In this case, the Italian Revenue Agency had denied the right to deduct VAT for the vehicle company, based on European case law that does not recognize the status of a taxable person for VAT purposes for “static” holding companies, i.e., those that merely hold shares without actively managing the controlled companies.
However, the Court rejected the Revenue Agency’s appeal, reiterating the principle that VAT deduction is subject to two conditions: the entity must have the status of a “taxable person,” and the goods or services purchased must be intended for taxable transactions or transactions assimilated for deduction purposes. Therefore, the vehicle company can deduct VAT if, following the merger with the target, it is considered a taxable entity, and the purchases of goods and services are instrumental to the merger operation.

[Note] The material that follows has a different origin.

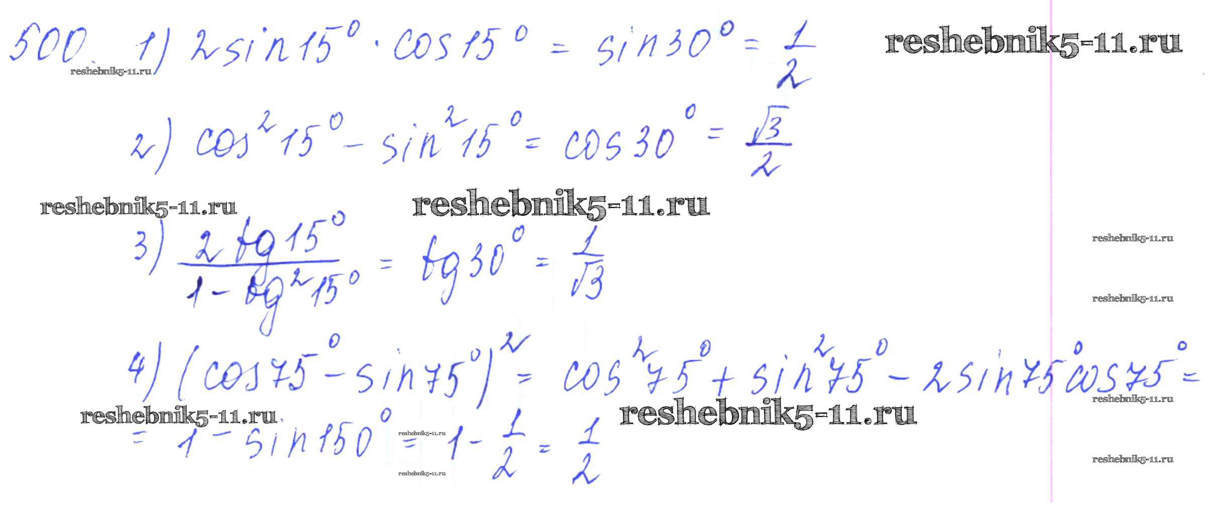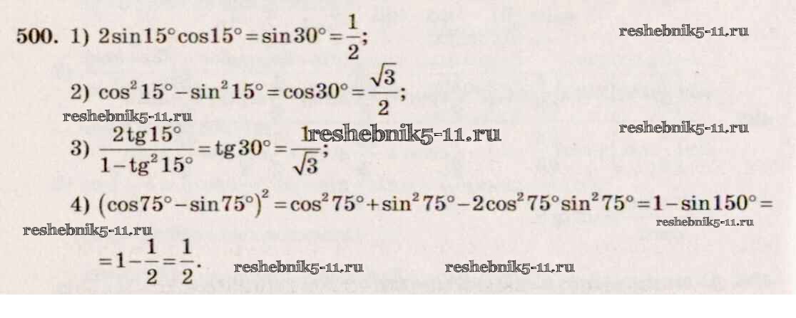 Алгебра за 10-11 класс Алимов Учебник Базовый и углубленный уровень Просвещение упражнение № 500

The Court emphasized that, in the context of an MLBO, the acquisition of shares in the target company by the vehicle company is merely a transitional and instrumental phase for the merger between the two entities. Unlike static holdings, the vehicle company is created with the objective of acquiring and directly managing the target, enhancing its economic and financial structure through a pre-planned merger.
Therefore, even if the goods and services purchased by the vehicle company are not immediately used for an economic activity, they are still considered necessary for the subsequent start of such activity. The VAT taxable status of the vehicle company does not cease simply because active operations begin at a later time.